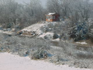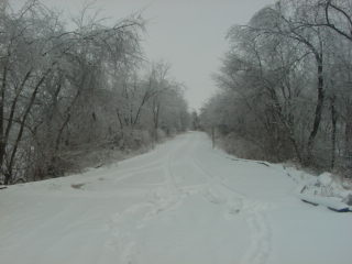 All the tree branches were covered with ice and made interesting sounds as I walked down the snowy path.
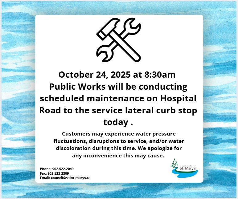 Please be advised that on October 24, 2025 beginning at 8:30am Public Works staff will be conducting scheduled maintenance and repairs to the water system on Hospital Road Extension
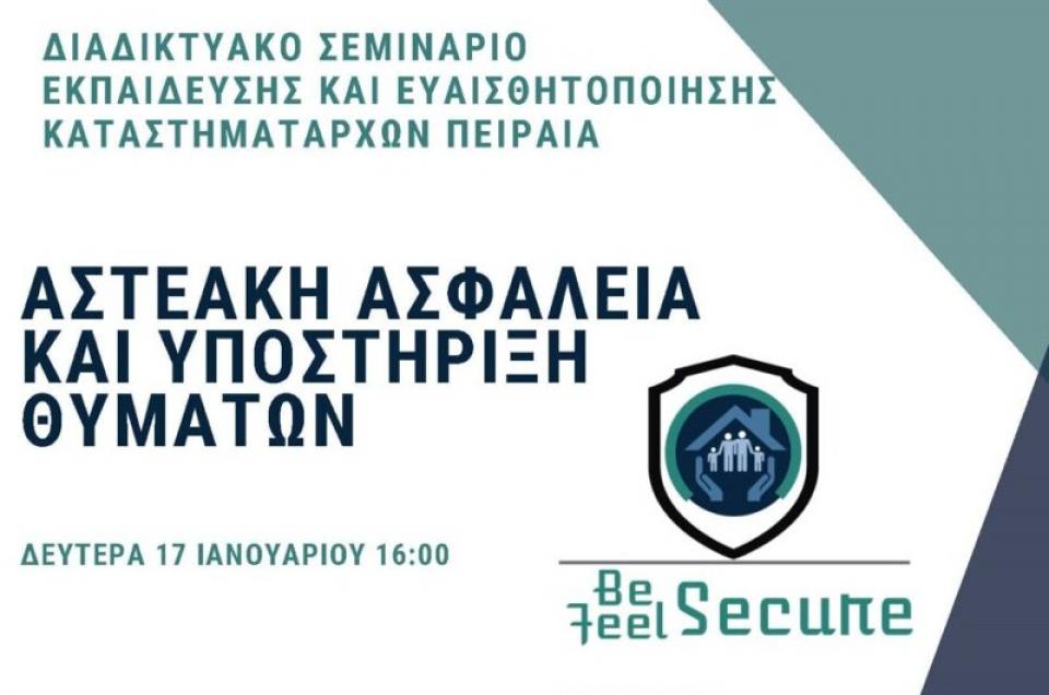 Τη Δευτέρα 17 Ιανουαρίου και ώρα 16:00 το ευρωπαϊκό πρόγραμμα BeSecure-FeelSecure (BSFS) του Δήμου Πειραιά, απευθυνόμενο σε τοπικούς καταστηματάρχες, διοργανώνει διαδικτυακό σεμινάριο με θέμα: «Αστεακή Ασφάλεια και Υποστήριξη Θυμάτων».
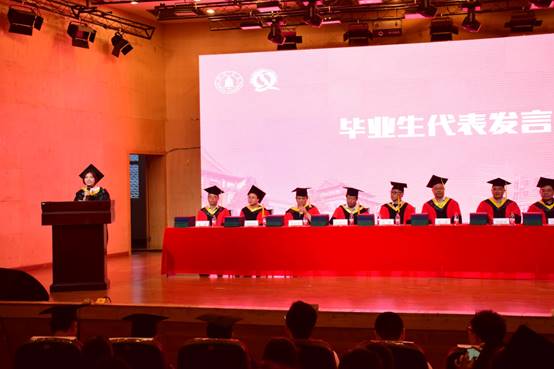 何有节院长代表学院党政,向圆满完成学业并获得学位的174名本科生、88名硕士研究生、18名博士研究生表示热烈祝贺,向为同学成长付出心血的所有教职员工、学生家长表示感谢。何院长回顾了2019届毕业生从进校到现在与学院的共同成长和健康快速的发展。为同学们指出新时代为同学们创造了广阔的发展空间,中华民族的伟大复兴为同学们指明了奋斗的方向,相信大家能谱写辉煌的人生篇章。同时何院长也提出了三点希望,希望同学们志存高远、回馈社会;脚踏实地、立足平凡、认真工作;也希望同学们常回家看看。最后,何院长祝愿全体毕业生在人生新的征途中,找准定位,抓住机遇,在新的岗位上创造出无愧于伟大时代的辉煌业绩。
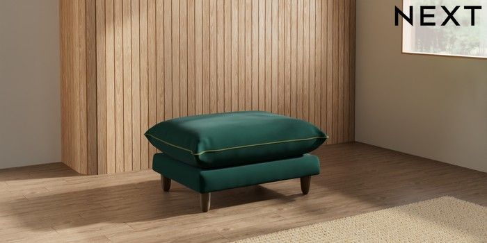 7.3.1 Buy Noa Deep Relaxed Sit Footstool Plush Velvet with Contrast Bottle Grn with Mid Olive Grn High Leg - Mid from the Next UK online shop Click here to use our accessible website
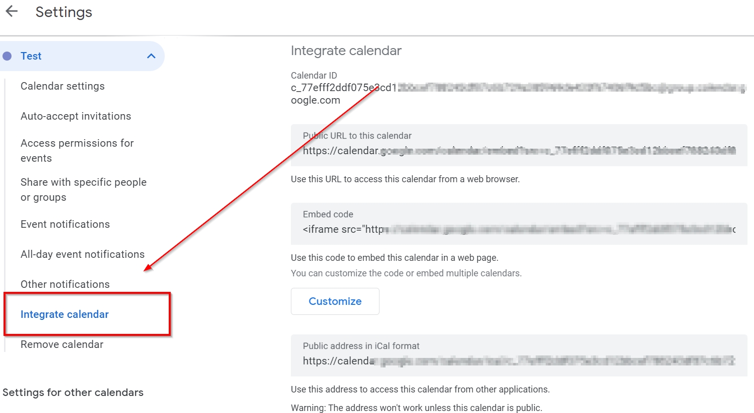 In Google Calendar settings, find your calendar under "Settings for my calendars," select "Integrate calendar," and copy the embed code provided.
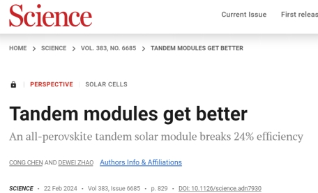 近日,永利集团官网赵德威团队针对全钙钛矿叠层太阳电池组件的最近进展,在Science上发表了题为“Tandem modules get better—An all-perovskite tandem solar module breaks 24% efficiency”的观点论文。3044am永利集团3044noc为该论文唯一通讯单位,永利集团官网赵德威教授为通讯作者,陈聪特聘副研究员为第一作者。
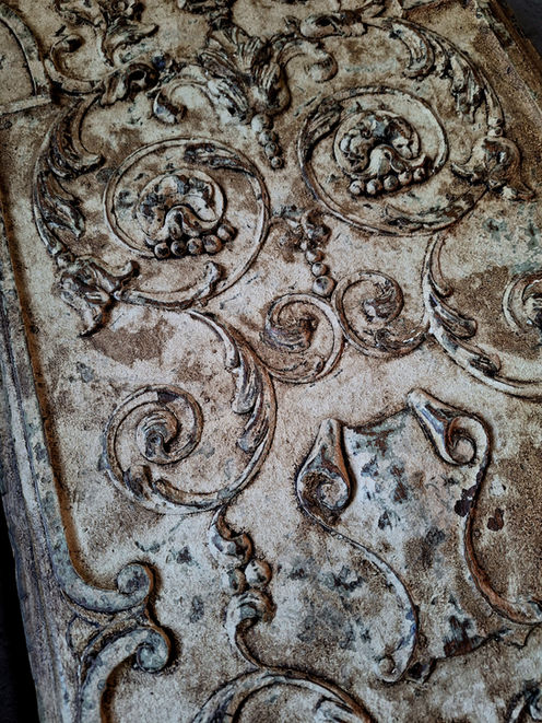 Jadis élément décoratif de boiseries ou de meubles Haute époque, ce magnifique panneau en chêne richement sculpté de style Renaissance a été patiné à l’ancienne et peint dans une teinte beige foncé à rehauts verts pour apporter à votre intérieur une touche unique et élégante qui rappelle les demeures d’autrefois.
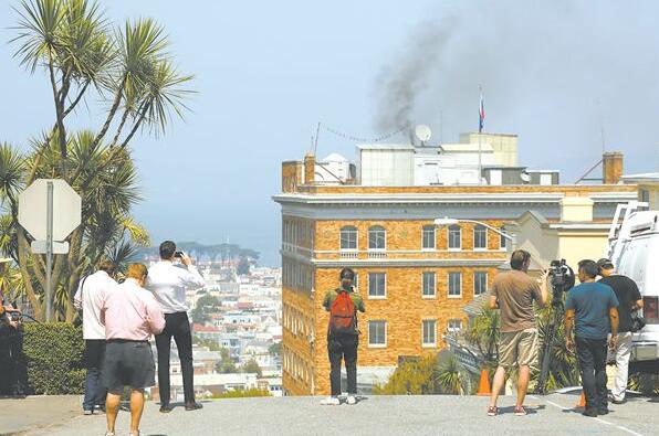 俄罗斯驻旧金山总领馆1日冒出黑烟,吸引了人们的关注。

--

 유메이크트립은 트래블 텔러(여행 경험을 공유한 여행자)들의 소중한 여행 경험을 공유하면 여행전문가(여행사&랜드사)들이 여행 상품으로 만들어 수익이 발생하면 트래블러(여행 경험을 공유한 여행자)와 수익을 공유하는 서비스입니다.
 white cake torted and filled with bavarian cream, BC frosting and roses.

### Exercise
Transcribe, word for word, the lines of the listing above from the one that contains "All the tree" through the one that contains "俄罗斯驻旧金山总领馆1日冒出黑烟,吸引了人们的关注。", keeping both ends and dropping the pictures.

### Your response
 All the tree branches were covered with ice and made interesting sounds as I walked down the snowy path.
 Please be advised that on October 24, 2025 beginning at 8:30am Public Works staff will be conducting scheduled maintenance and repairs to the water system on Hospital Road Extension
 Τη Δευτέρα 17 Ιανουαρίου και ώρα 16:00 το ευρωπαϊκό πρόγραμμα BeSecure-FeelSecure (BSFS) του Δήμου Πειραιά, απευθυνόμενο σε τοπικούς καταστηματάρχες, διοργανώνει διαδικτυακό σεμινάριο με θέμα: «Αστεακή Ασφάλεια και Υποστήριξη Θυμάτων».
 何有节院长代表学院党政,向圆满完成学业并获得学位的174名本科生、88名硕士研究生、18名博士研究生表示热烈祝贺,向为同学成长付出心血的所有教职员工、学生家长表示感谢。何院长回顾了2019届毕业生从进校到现在与学院的共同成长和健康快速的发展。为同学们指出新时代为同学们创造了广阔的发展空间,中华民族的伟大复兴为同学们指明了奋斗的方向,相信大家能谱写辉煌的人生篇章。同时何院长也提出了三点希望,希望同学们志存高远、回馈社会;脚踏实地、立足平凡、认真工作;也希望同学们常回家看看。最后,何院长祝愿全体毕业生在人生新的征途中,找准定位,抓住机遇,在新的岗位上创造出无愧于伟大时代的辉煌业绩。
 7.3.1 Buy Noa Deep Relaxed Sit Footstool Plush Velvet with Contrast Bottle Grn with Mid Olive Grn High Leg - Mid from the Next UK online shop Click here to use our accessible website
 In Google Calendar settings, find your calendar under "Settings for my calendars," select "Integrate calendar," and copy the embed code provided.
 近日,永利集团官网赵德威团队针对全钙钛矿叠层太阳电池组件的最近进展,在Science上发表了题为“Tandem modules get better—An all-perovskite tandem solar module breaks 24% efficiency”的观点论文。3044am永利集团3044noc为该论文唯一通讯单位,永利集团官网赵德威教授为通讯作者,陈聪特聘副研究员为第一作者。
 Jadis élément décoratif de boiseries ou de meubles Haute époque, ce magnifique panneau en chêne richement sculpté de style Renaissance a été patiné à l’ancienne et peint dans une teinte beige foncé à rehauts verts pour apporter à votre intérieur une touche unique et élégante qui rappelle les demeures d’autrefois.
 俄罗斯驻旧金山总领馆1日冒出黑烟,吸引了人们的关注。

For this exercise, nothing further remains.